United States Court of Appeals, Ninth Circuit
Feb 17, 2022
No. 21-55271 (9th Cir. Feb. 17, 2022)

Opinion

21-55271

02-17-2022

SIGIFREDO QUEZADA IBARRA; JASMIN QUEZADA-PENA, Plaintiffs-Appellants, v. UNITED STATES DEPARTMENT OF STATE; et al., Defendants-Appellees.


NOT FOR PUBLICATION

Argued and Submitted January 13, 2022 Pasadena, California

Appeal from the United States District Court for the Central District of California Fernando M. Olguin, District Judge, Presiding D.C. No. 2:20-cv-01909-FMO-DFM

Before: RAWLINSON and WATFORD, Circuit Judges, and RAKOFF, District Judge.

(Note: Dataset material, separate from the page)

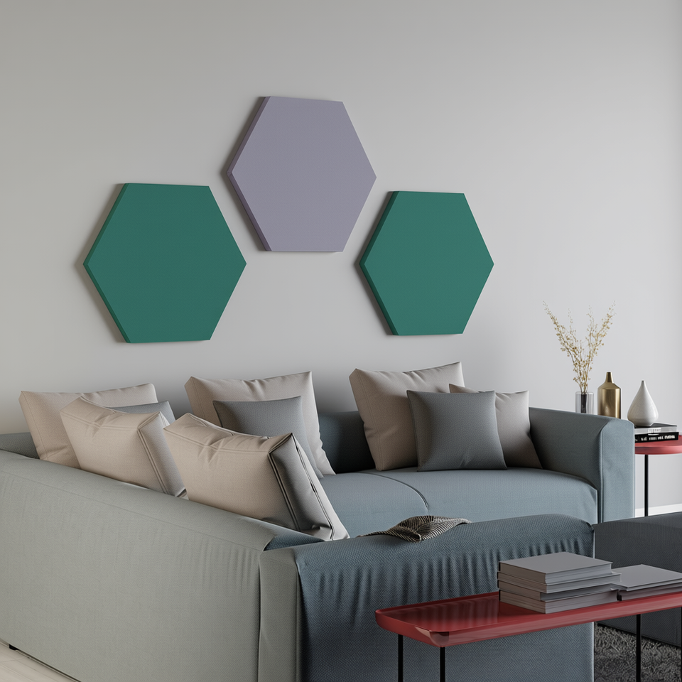 Pannello Acustico Esagonale Fonoassorbente in Fibra di Poliestere 100% Design Minimalista NRC 0.5 per Arredamento Soggiorno

The Honorable Jed S. Rakoff, United States District Judge for the Southern District of New York, sitting by designation.

MEMORANDUM [*]

Plaintiffs Sigifredo Quezada Ibarra and Jasmin Quezada-Pena challenge the Department of State's policy of refusing to apply the so-called "minor exception" found at 8 U.S.C. § 1182(a)(9)(B)(iii)(I) to those found inadmissible under 8 U.S.C. § 1182(a)(9)(C)(i)(I). The district court held that plaintiffs' statutory claim was barred by the doctrine of consular nonreviewability, and that their constitutional claim failed because they did not allege bad faith conduct by the consular official. We affirm.

1. We need not decide whether plaintiffs' statutory claim is barred by the doctrine of consular nonreviewability. See Allen v. Milas, 896 F.3d 1094, 1102 (9th Cir. 2018) (holding that the doctrine is not a jurisdictional limit). Even assuming that plaintiffs' statutory challenge is reviewable, we conclude that it fails on the merits.

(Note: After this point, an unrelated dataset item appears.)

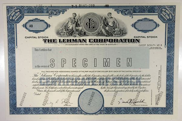 New York (Incorporated in Maryland), Not More Than 100,000 Shares, Specimen Stock certificate, Capital Stock, Black on blue border and underprint, Allegorical men flank Lehman Letter Logo, Lehman Corporation was formed in 1929. On September 15, 2008, the firm filed for Chapter 11 bankruptcy protection following the massive exodus of most of its clients, drastic losses in its stock, and devaluation of its assets by credit rating agencies. The filing marked the largest bankruptcy in U.S. history and is thought to have played a major role in the unfolding of the late-2008 global financial crisis. Rare Specimen certificate from this historic Investment company. ABNC.
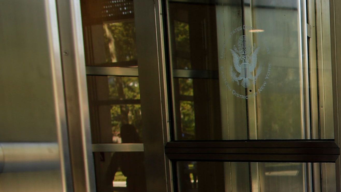 Emma Coronel con sus hijas en una de las visitas a la Corte de Brooklyn.

We agree with plaintiffs that 8 U.S.C. § 1182(a)(9)(C) is ambiguous and that the government's interpretation of the statute is entitled to deference, if at all, only under Skidmore v. Swift & Co., 323 U.S. 134 (1944). The government's interpretation is not entitled to deference under Chevron, U.S.A., Inc. v. Natural Resources Defense Council, Inc., 467 U.S. 837 (1984), because it appears only in an interoffice memorandum from United States Citizenship and Immigration Services. See Ketchikan Drywall Services, Inc. v. Immigration & Customs Enforcement, 725 F.3d 1103, 1112-13 (9th Cir. 2013) (granting Skidmore deference to an INS memorandum after considering factors including the thoroughness and validity of the agency's reasoning and its overall power to persuade).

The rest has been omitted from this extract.